This after Christmas Sale on stocks provides opportunity. Volatility benefits the disciplined income
investor who always has extra cash on hand because we like to have a couple a
years of expenses in cash and can jump on an opportunity. Disciplined investors reduce the emotional
impulses that can lead to poor investment returns.
I continue to emphasize how important it is to secure a
growing source of income. Dividend
stocks play a big part of that goal for me.
With that in mind, I am going to begin my 2016 portfolio with Watsco,
symbol WSO.
Watsco WSO
Watsco is a very large HVAC company. Much, but not all of
its business is in the US. They also
serve markets in Canada, Mexico and the Caribbean. Note here that WSO should not suffer from
Asian and European slow growth problems.
2016 Portfolio Fundamentals
This morning Wednesday 1/6/2016 WSO is trading around
$115 which is well below the 52 week high of 133 but up from the low of $103. WSO just declared their next quarterly
dividend of $.85 and will be ex dividend on January 13. Forward annualized dividend yield is 2.95%
at $115. This yield meets one of my 2016
criteria. My first post this year
defined the criteria I will use for stocks that go into the 2016 model
portfolio; the minimum yield is to be 2.75%.
WSO Income Stock
Watsco is an interesting income stock. WSO paid a regular, and increasing dividend
and when in 2012 it appeared tax on dividends would be lower in 2012 than in
2013, WSO paid out a whopping $5.00 per share in addition to its quarterly
dividend of $.62 per share in 2012. They
paid several quarters ahead and then resumed regular dividends at $.25. Since then, dividend growth has been stellar
with a recently announced increase to $.85 per share that averages out to 8.9%
per year average dividend growth. Clearly WSO meets my primary goal of “retiring
with income that grows.” Dividend growth
minimum is 4% per year for 5 years.
WSO Revenue Growth
Revenue growth has exceeded expectations growing over 30%
per year over the past four years which settles a third criteria which is a
minimum revenue growth of 4% per year for at least three years. I think you need revenue growth to feel
comfortable about dividend growth.
WSO Debt to Equity Ratio
Debt to equity ratio is probably more important than income
growth as we always want to be as risk averse as we can while securing a solid
source of growing income. D/E ratio is
the measure I use. WSO sports a low D/E
ratio of .32 which is well below the maximum of 1 that is part of my 2016
criteria.
WSO Covered Call Options
WSO has no covered calls as of this writing. However, WSO has in the past had some very
good calls and I am hoping that during 2016 I will be able sell at least one
call to add at least 1% additional income from the call premium.
History is on my side.
WSO was a 2011 and 2012 Money Madam Dividend Machine. I bought at that time. I held WSO from October 4, 2012 through
August 18, 2013. The table below shows
you how I did. During the time I was
long WSO I received a special dividend of $5.00 as well as three quarterly
dividends and a whopping $3.32 premium from a covered call.
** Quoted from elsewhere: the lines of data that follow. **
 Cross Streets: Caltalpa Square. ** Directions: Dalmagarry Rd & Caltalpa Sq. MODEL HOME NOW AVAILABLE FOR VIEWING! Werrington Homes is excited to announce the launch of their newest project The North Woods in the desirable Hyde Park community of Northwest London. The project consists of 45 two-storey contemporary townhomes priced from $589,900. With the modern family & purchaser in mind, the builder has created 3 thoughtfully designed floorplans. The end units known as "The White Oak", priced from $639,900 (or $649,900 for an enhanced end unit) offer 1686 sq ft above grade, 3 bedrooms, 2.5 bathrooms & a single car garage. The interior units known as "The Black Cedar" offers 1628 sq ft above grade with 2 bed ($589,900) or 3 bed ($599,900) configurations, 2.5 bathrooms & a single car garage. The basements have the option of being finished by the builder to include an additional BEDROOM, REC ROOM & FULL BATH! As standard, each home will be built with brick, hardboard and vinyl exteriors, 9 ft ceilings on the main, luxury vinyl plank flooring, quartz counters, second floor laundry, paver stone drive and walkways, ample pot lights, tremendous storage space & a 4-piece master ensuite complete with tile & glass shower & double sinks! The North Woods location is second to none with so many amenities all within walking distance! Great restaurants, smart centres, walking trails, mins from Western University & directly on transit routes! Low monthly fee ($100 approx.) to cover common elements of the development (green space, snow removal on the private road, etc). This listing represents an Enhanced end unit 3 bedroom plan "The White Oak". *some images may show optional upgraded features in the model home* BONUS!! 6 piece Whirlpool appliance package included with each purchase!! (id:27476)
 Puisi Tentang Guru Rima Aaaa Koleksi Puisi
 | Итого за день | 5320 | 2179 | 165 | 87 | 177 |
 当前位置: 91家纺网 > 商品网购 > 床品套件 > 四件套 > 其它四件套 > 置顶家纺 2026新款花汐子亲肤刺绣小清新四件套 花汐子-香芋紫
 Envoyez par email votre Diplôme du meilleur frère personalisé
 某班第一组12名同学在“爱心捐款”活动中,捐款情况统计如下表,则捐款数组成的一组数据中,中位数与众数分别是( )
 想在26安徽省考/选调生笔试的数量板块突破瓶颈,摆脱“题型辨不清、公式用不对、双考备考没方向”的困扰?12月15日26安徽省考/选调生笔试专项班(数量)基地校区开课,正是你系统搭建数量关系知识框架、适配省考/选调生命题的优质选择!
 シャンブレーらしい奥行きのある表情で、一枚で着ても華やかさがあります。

If revenues continue to grow, I believe a call opportunity
may emerge. If not, I am stuck with a
good income stock with little risk.
I think it is time to reestablish a position in WSO. The strengths of serious devotion to dividend
distributions to the shareholders, vigorous revenue growth and low D/E ratio outweigh,
in my mind, the slightly hi PE ratio (price to earnings ratio) of 20.